Even though I know it's normal to feel depressed when you're as sick as I've been (or is it?), every time I feel this way I start to get scared that I might be falling into another serious depression. It's that time of year. And I do seem to have been feeling kind of rotten for such a long time. Not being able to breathe doesn't help either. Plus, I found out on Monday that I will probably have to cancel a trip I had planned for next week, because I have to fly to Las Vegas for a press check.
Anyway, I'm thinking I might want to start seeing a therapist again. Even if I'm not getting depressed again, everything seems to affect me so much more than it should, and it seems like it's getting harder for me to rise above the negativity I keep finding myself surrounded by, at work and at home ... I just don't feel like myself lately.
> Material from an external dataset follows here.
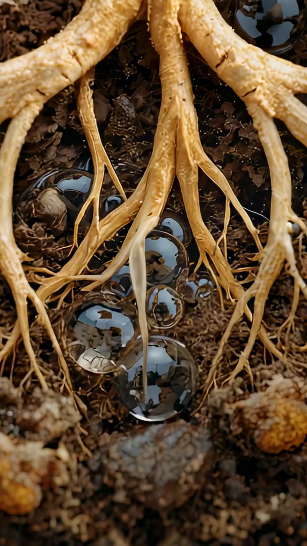 AI Generated Video. Showing oozing sap from plant root filaments contacting and pulling reflective beads buried in soil. Displaying golden root strands curling around glossy beads, forming tiny droplets and stretching substrate. Presenting closeup texture of humus and root hairs, creating dramatic contrast with mirror-like bead surfaces. Supporting educational content illustrating root exudation, capillary action, and plant-soil interactions. Serving commercial uses for gardening product ads, soil amendment marketing, and seed technology promotion. Enhancing editorial pieces on botany, plant physiology, and environmental science. Optimizing for vertical social media reels and stories, short-form science explainers, and background visuals for nature or lab presentations. Recommending slow motion and tight macro crops to emphasize texture and motion, and color grading to boost warm earthy tones.

And I kind of want Me back.
Labels: diabetes
2 Comments:
By all means, see a shrink just for maintenance; but I get the impression your depression is expression of suppression or even repression released by this session of sickness. Heh. Press on like Lee Nails, Sister.
Today, I bought a ham. 13 bucks and some change.
Sorry you're feeling depressed. Also, very sorry that it seems you're not going to make it to PDX.